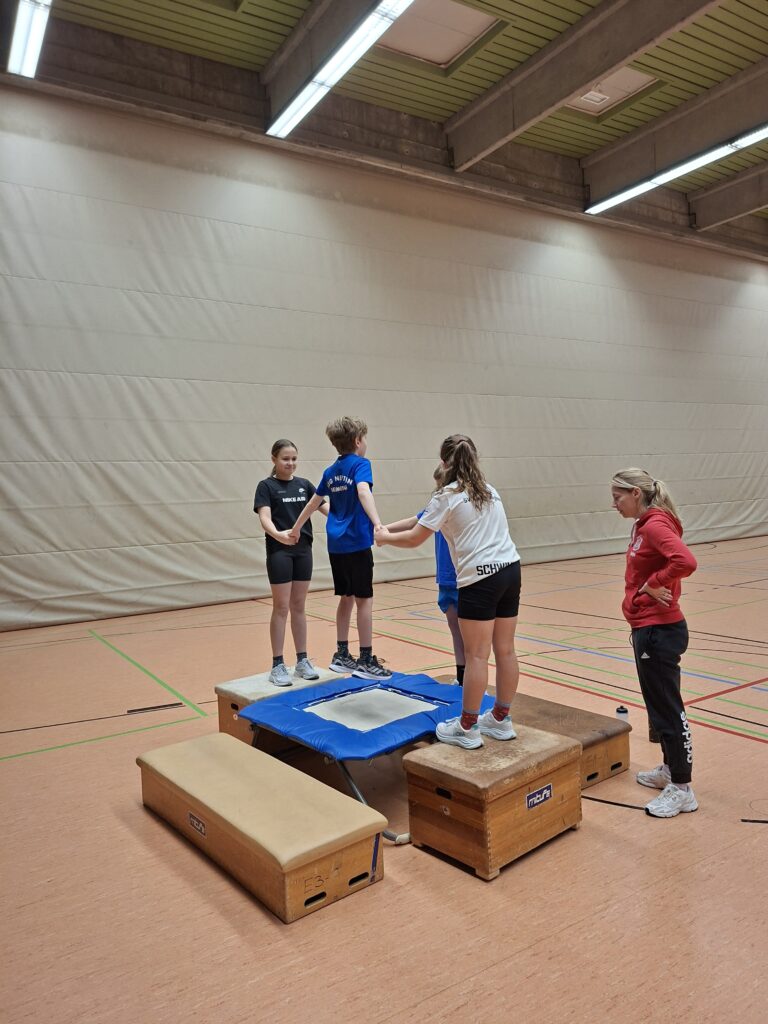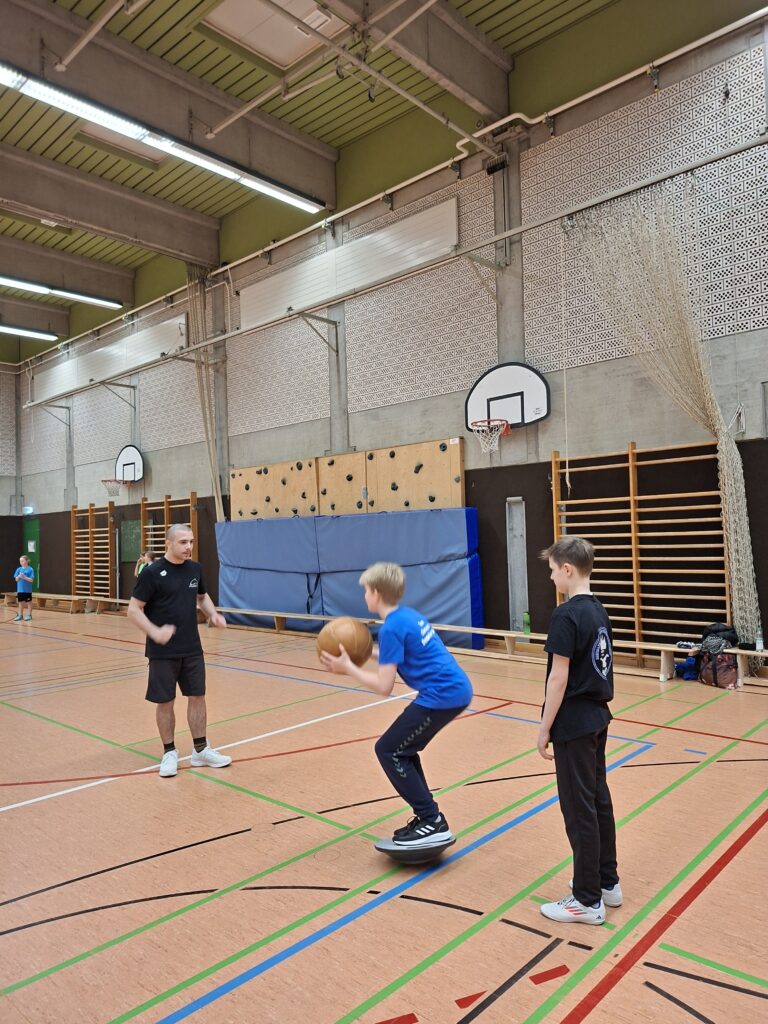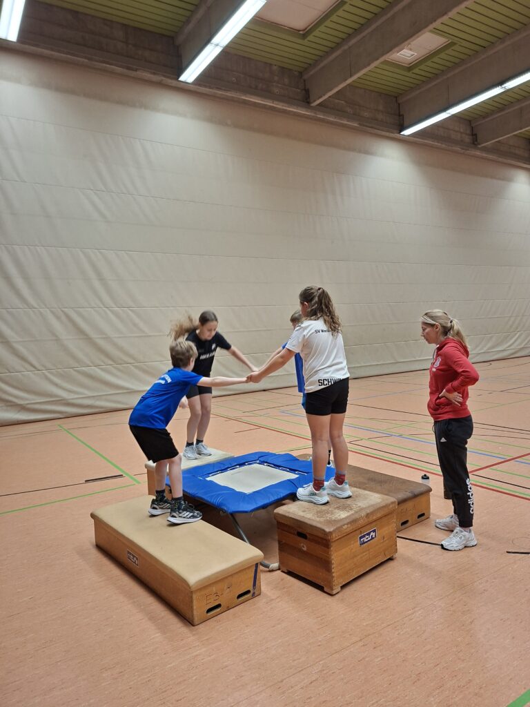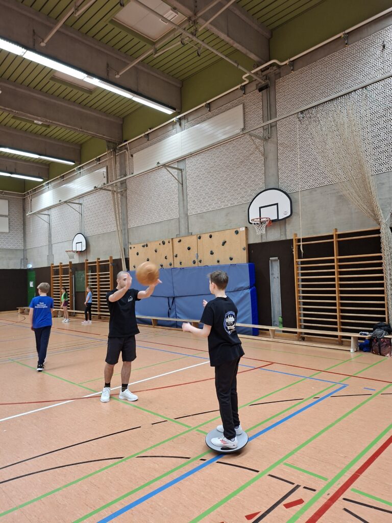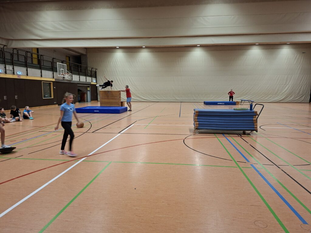 Ergänzt wurden beide Maßnahmen durch intensive Einheiten in der Turnhalle. Neben Lauf-ABC, Parcours und Sprungkrafttraining standen insbesondere Stabilisations- und Core-Übungen im Stationenbetrieb im Fokus. Die Kinder lernten, wie entscheidend Rumpfstabilität, Koordination und Explosivität für Starts, Wenden und eine stabile Wasserlage sind.
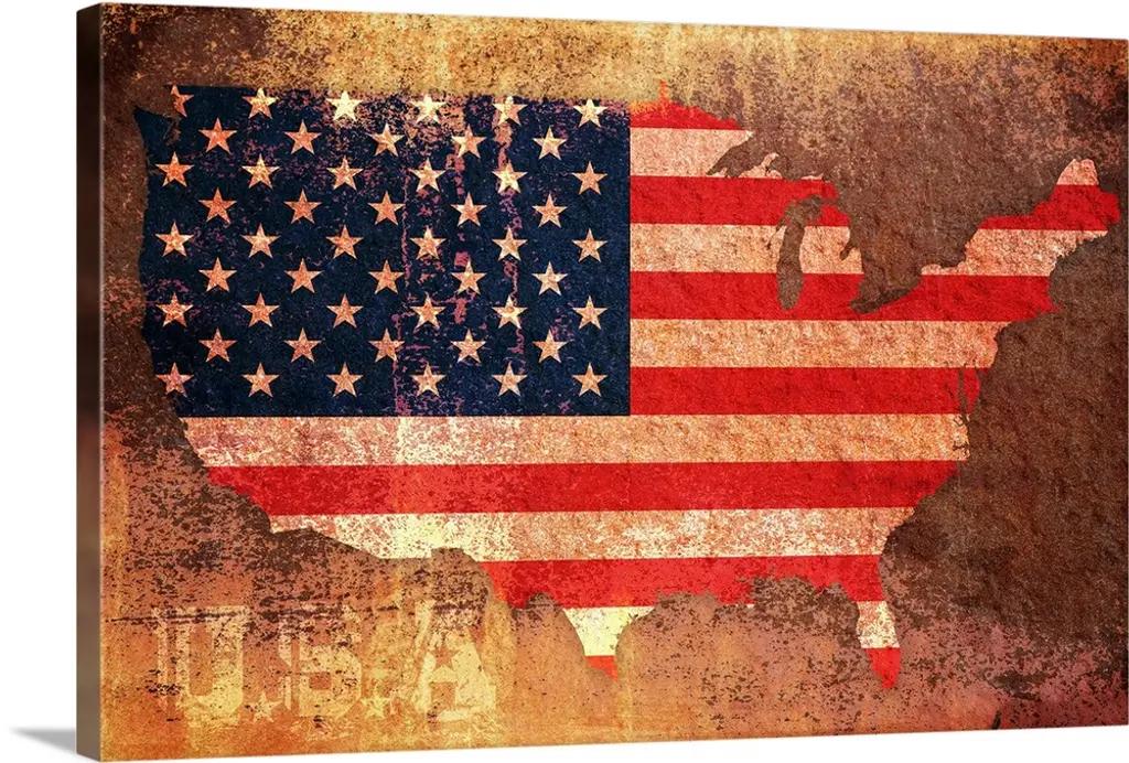 Usa "Melting Film" Flag (Bald Eagle)" By Icanvas, 40x26x1.5"
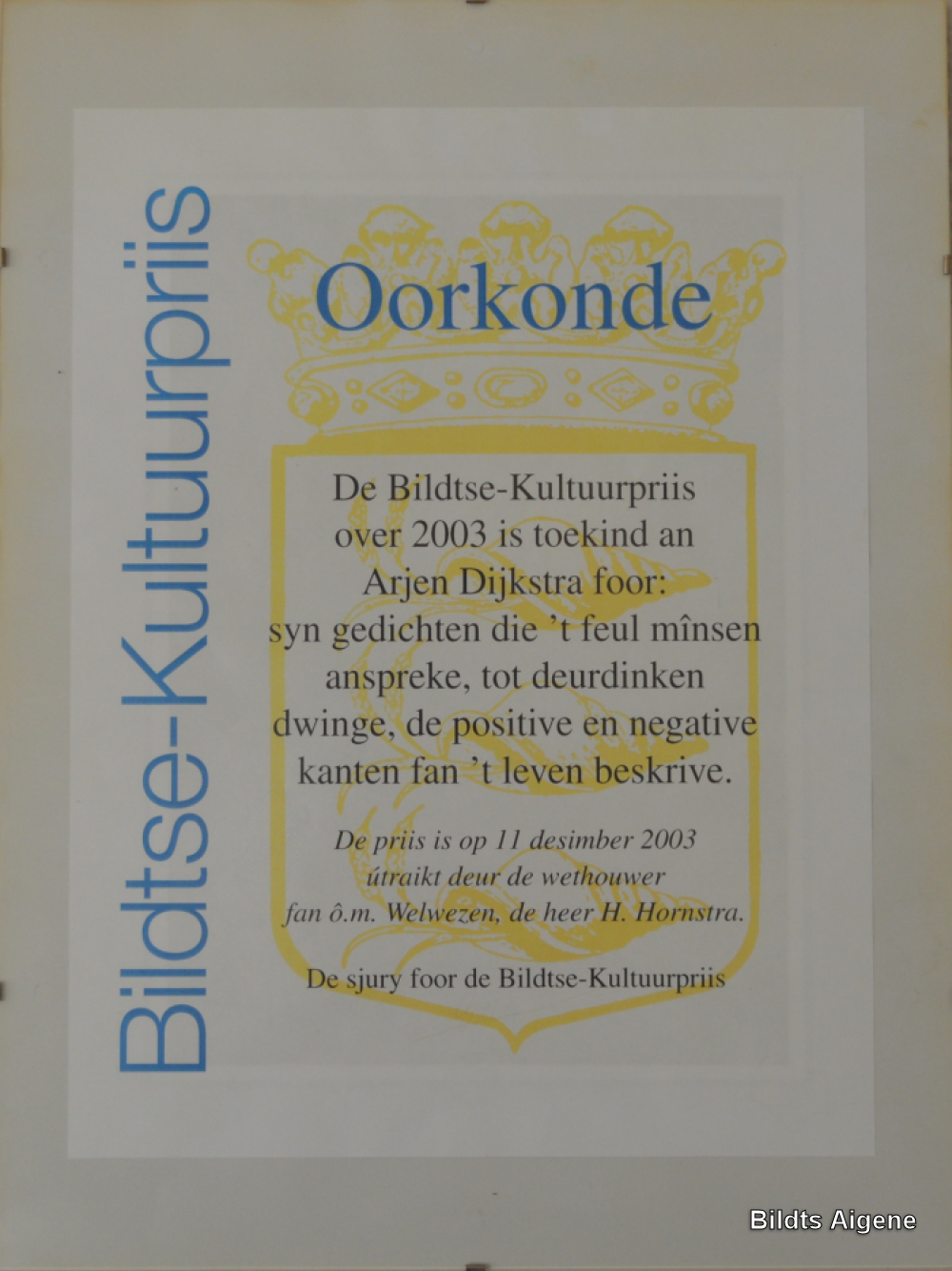 Ingelijste oorkonde toegekend voor de gedichten van Arjen Dijkstra
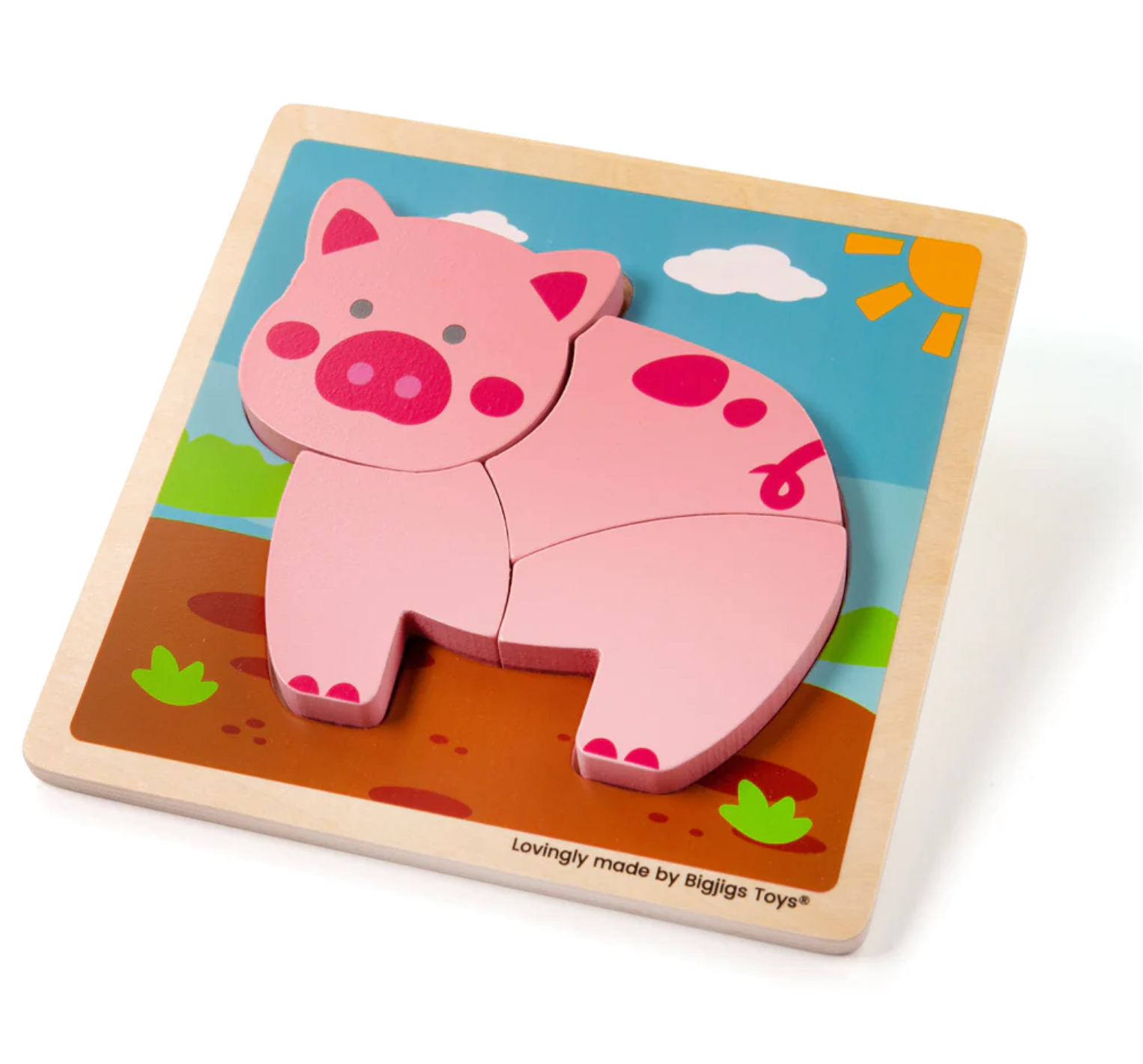 This wooden puzzle for toddlers comes complete with a smooth wooden baseboard with a pretty background scene. Toddlers can begin their journey with counting too, counting the puzzle pieces from 1 to 4. Also helps to develop fine motor skills and dexterity.
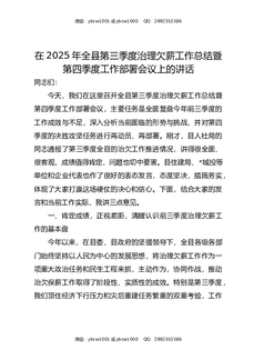 在2025年全县第三季度治理欠薪工作总结暨第四季度工作部署会议上的讲话.docx
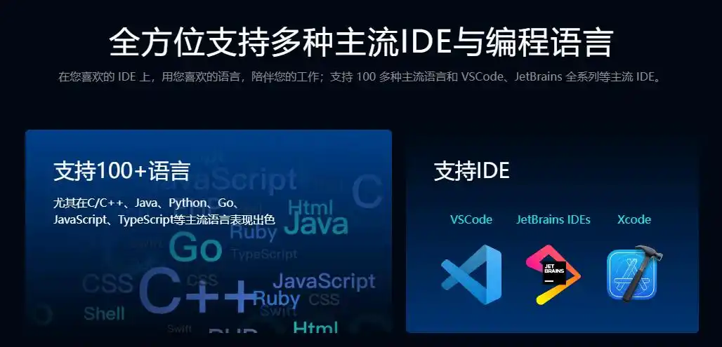 而支持的集成开发环境包括Visual Studio Code(兼容1.70及以上版本)、JetBrains IDE(兼容2021.1及以上版本,包括IntelliJ IDEA、PyCharm、GoLand、WebStorm等)、XCode和Visual Studio。
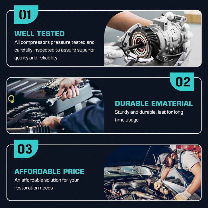 • 【Energy Saving & Low Noise】The AC compressor works steady and efficient under a low noise condition, provide you with a chill nice and cold ride. Under a lower load factor, low power will be input when driving at high speed, which increases fuel economy and makes operation smoothly.

▸ **EXERCISE DIRECTIONS**
From the very first line of the listing above through the line that holds "而支持的集成开发环境包括Visual Studio Code(兼容1.70及以上版本)、JetBrains", write out each line exactly as it stands, leaving pictures out.

▸ **SOLUTION TO THIS PROBLEM**
 Ergänzt wurden beide Maßnahmen durch intensive Einheiten in der Turnhalle. Neben Lauf-ABC, Parcours und Sprungkrafttraining standen insbesondere Stabilisations- und Core-Übungen im Stationenbetrieb im Fokus. Die Kinder lernten, wie entscheidend Rumpfstabilität, Koordination und Explosivität für Starts, Wenden und eine stabile Wasserlage sind.
 Usa "Melting Film" Flag (Bald Eagle)" By Icanvas, 40x26x1.5"
 Ingelijste oorkonde toegekend voor de gedichten van Arjen Dijkstra
 This wooden puzzle for toddlers comes complete with a smooth wooden baseboard with a pretty background scene. Toddlers can begin their journey with counting too, counting the puzzle pieces from 1 to 4. Also helps to develop fine motor skills and dexterity.
 在2025年全县第三季度治理欠薪工作总结暨第四季度工作部署会议上的讲话.docx
 而支持的集成开发环境包括Visual Studio Code(兼容1.70及以上版本)、JetBrains IDE(兼容2021.1及以上版本,包括IntelliJ IDEA、PyCharm、GoLand、WebStorm等)、XCode和Visual Studio。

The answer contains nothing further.